Loi El Khomri

Publié le 20 décembre 2016 par Christophefaurie
On dit que le problème de la France, perte de compétitivité, millions de chômeurs, montée du FN…, c’est son droit social. Vrai ou pas, si M. Fillon devient président, il faudra passer des paroles aux actes. Le changement s’appellera El Khomri. Selon le billet précédent, cette loi vient de loin.  J’ai rencontré il y a des années certains de ses promoteurs. Je n’ai pas saisi ce qu’ils cherchaient à faire ! Cela en dit long sur le sujet, et son manque de clarté. Car la loi est au confluent de plusieurs courants idéologiques, puissamment culturels, d'où confusion. 
Ultralibéralisme
  • Le législateur a voulu que la politique de l’entreprise s’élabore au plus près du terrain. Parce que c’est là où tout se joue, pense-t-il. C'est aussi le modèle de "l'agilité". C'est une idée qui est associée à la "transformation numérique". Mais qui n'est pas du tout récente. Déjà dans les années 90, lorsque j'étudiais en MBA, on me farcissait la tête de textes contre la "bureaucratie" et pour "l'adhocratie". Idéologie individualiste, à la fois ultralibéralisme à la Hayek, néoconservatisme, mais aussi trotskisme. 

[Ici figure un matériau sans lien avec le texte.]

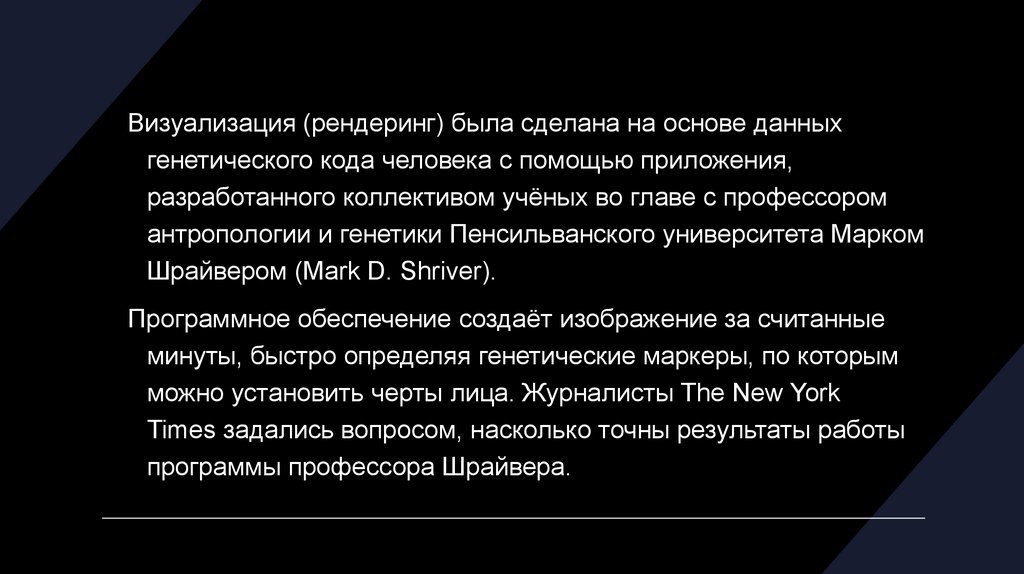 Шрайвер утверждает, что визуализация портретов по ДНК людей

  • C’est aussi la loi des zones franches en situation désespérée. Venez chez nous vous ferez vos lois sociales ! Et c’est peut-être bien pour cela qu’elle inquiète. C'est la menace de la destruction de tout droit social.

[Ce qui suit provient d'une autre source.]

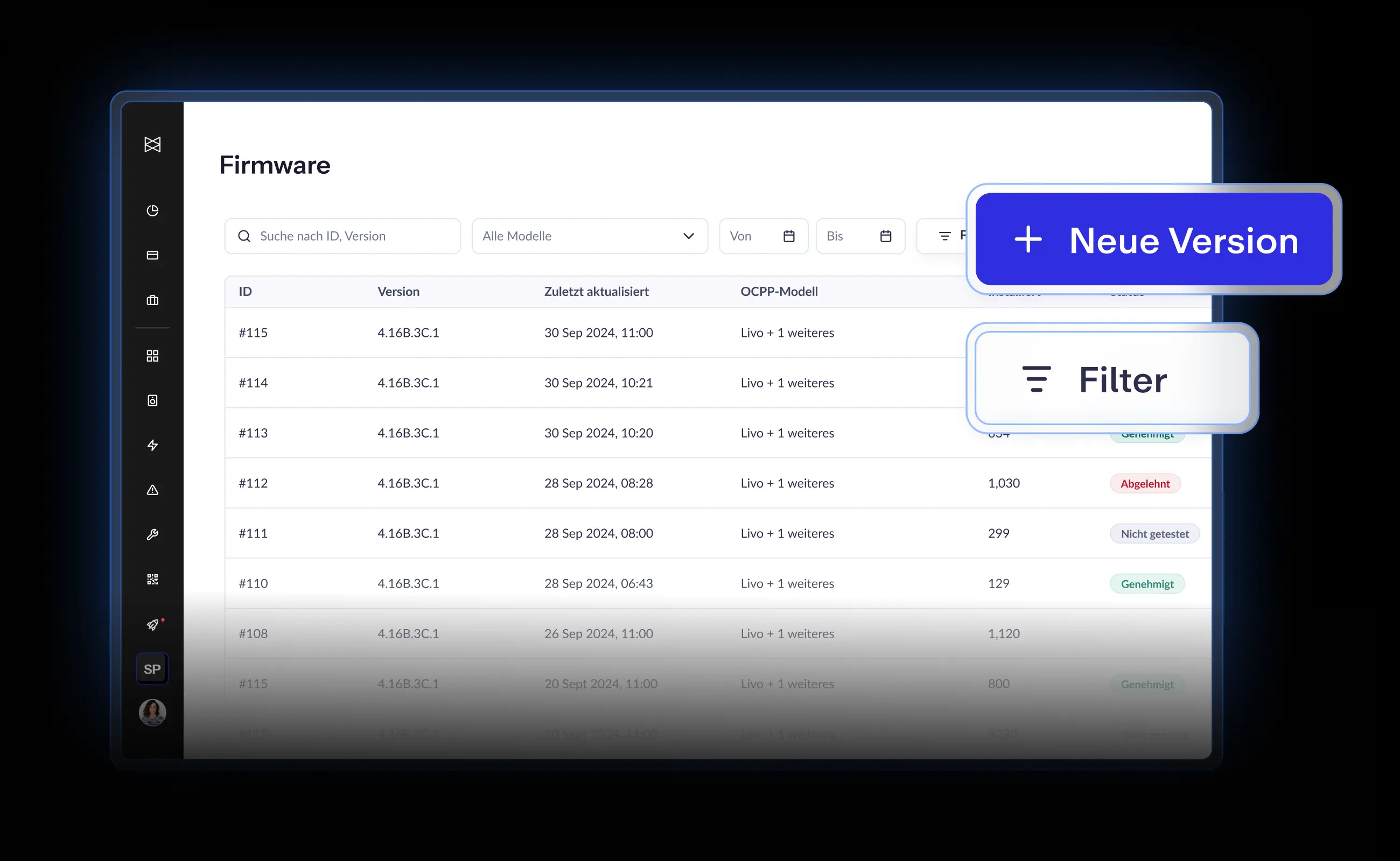 Optimiere deinen Firmwareprozess mit einer Softwarelösung, die alles organisiert und aktuell hält. Mit den Firmwareupdates unseres Portal kannst du einfach auf Firmwareversionen zugreifen und diese verwalten. Lasse dir die aktuellsten und ältere Versionen anzeigen, überwache deren Zustände (getestet, ungetestet oder abgelehnt) und lade neue Firmware zusammen mit ihren Metadaten hoch.

La tradition française Mais ce n'est pas que cela,  ce type de pensée est solidement implanté dans notre histoire. Et c'est pour cela qu'il n'est pas évident que tous ses promoteurs soient vendus à l'ennemi.
  • Un raisonnement que j’ai entendu est le suivant. Le mal de la France, c'est le dirigeant de droit divin. Il n'écoute rien. L’environnement concurrentiel est très complexe. Seule l’organisation, dans son ensemble, possède l’information qui permet de le décoder. En forçant le patron à s’entendre avec ses collaborateurs, le système allemand est efficace. C’est ce type d’efficacité que recherchent nombre de promoteurs de ce type de loi. On pourrait appeler ce courant de pensée "co gestion".

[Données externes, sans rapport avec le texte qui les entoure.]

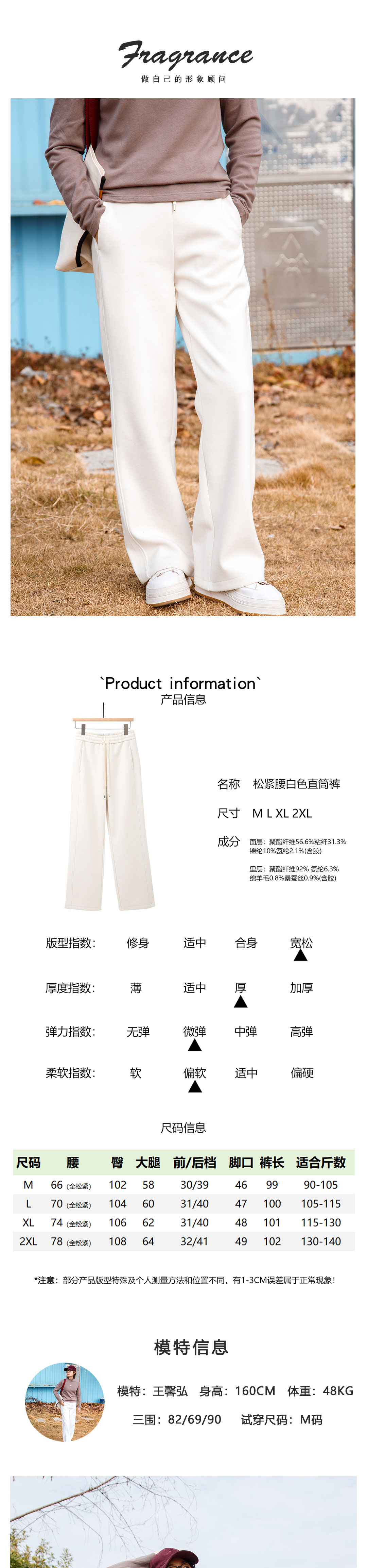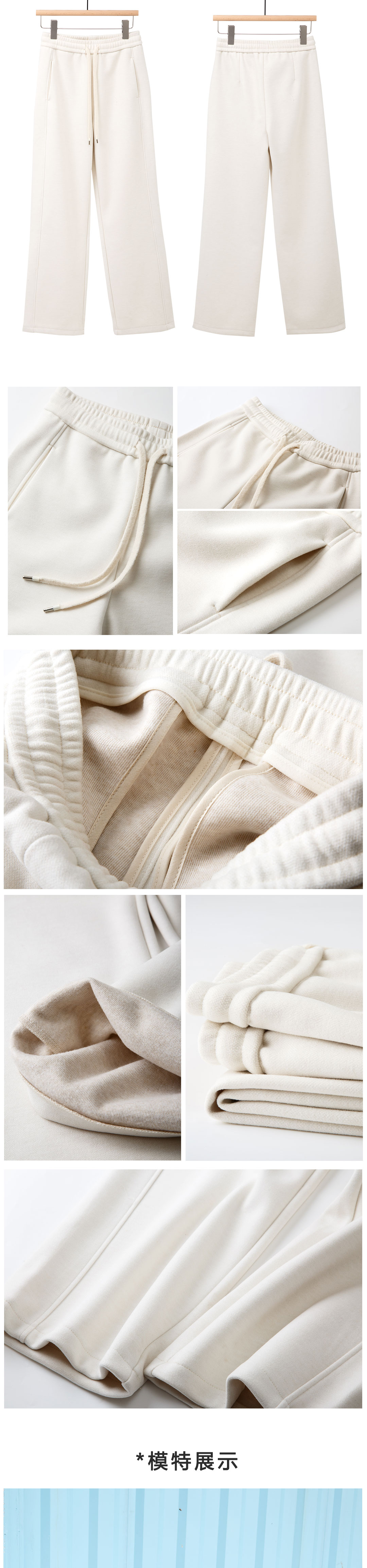 松紧腰白色直筒裤

  • Il y a surtout une tradition française. M.Macron est un disciple de M.Rocard, lui-même héritier d'un des plus puissants courant de pensée de notre culture nationale. Quel est son nom ? humanisme, radicalisme, personnalisme, solidarisme, voire anarchisme ? Parmi ses promoteurs : Proudhon voire Vercingétorix. L’idéal de cette pensée est l’association de libertaires. C’est le modèle qui réconcilie capitalisme et communisme. C’est aussi le principe de l’économie sociale : l’entreprise comme une république d’égaux (ou d’égos). Ses principes sont férocement anti étatiques, libertaires, mais aussi associatifs. L'individu seul n'est rien. C'est le "ni ni". Ni capitalisme, ni communisme. C'est un modèle anti technocratique. C'est la pensée de la 3ème République, qui a bu un bouillon avec Pétain puis avec les trente glorieuses et sa 5ème République, qui ont installé le règne de l’État.
Une première morale de cette histoire, est que l'on voit ici pourquoi des gens de tous les horizons de pensée ont pu se retrouver dans le pétainisme, le nazisme, 68 ou la révolution française : ils y entendent les idées qui leur sont vissées au corps, et pensent que l'histoire va dans leur sens.